Filtering signal from noise: sentiment, insider selling, and revisions

When volatility is high, narrative tends to expand. It is tempting to anchor on daily commentary, viral takes, and short-term price moves. Conversely, a more stable approach is to prioritize what changes slowly and compounds: revenue, earnings power, and the forward expectation set.

Insider selling is a common source of headline anxiety, but it is not always a clean signal of negative conviction; compensation structure and diversification can drive sales even when the underlying business is healthy. Meanwhile, analyst estimate revisions—especially when they trend consistently in one direction—can serve as a practical summary of how the expectation set is moving.

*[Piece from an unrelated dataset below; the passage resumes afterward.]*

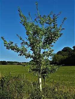 'Wingham', while still unnamed clone FL493,[7] was crossed c.2015, as female parent, with old field elms surviving near Tonge Mill, Sittingbourne, Kent.[8] Four inoculated seedlings "proved asymptomatic or had 2% or less of wilting", a result described in 2019 as "significant ... as it means British-bred elm seedlings with very high tolerance or resistance have for the first time been identified".[9] Kew described these clones, propagated and planted on a trial site in Wateringbury, as "promising" (2024).[10][9]

A useful mental model is the “staircase” pattern: when revenue and EPS increase quarter over quarter, the fundamentals are climbing even if price is temporarily falling. In that setup, a dip can be a gift rather than a warning—provided the next few quarters continue to validate the trend.

Caveats and limits

  • High growth does not eliminate risk. 20–30% drawdowns can repeat, and liquidity can vanish quickly in risk-off rotations.
  • Revisions can reverse. Upward estimate changes are helpful context, but they can lag real-time business conditions and can shift rapidly after guidance updates.
  • Mix matters. Revenue growth and EPS growth are summary metrics; margin sustainability, customer concentration, and capex intensity can materially change the investment profile.
  • Watch valuation and duration. Even strong businesses can underperform if multiples compress due to rates, risk premia, or changing market regimes.

Practical checklist for the 2026 pullback

For investors considering AI exposure beyond the largest index constituents, a disciplined process can reduce the odds of confusing volatility with deterioration:

  • Confirm that revenue and EPS are improving quarter over quarter (the “staircase,” not a single spike).
  • Track estimate revisions around earnings and guidance updates; treat dispersion as a risk indicator.
  • Separate macro-driven drawdowns from company-specific breaks (product demand, competitive losses, or margin impairment).
  • Size positions for volatility; assume that pullbacks can deepen before fundamentals reassert themselves.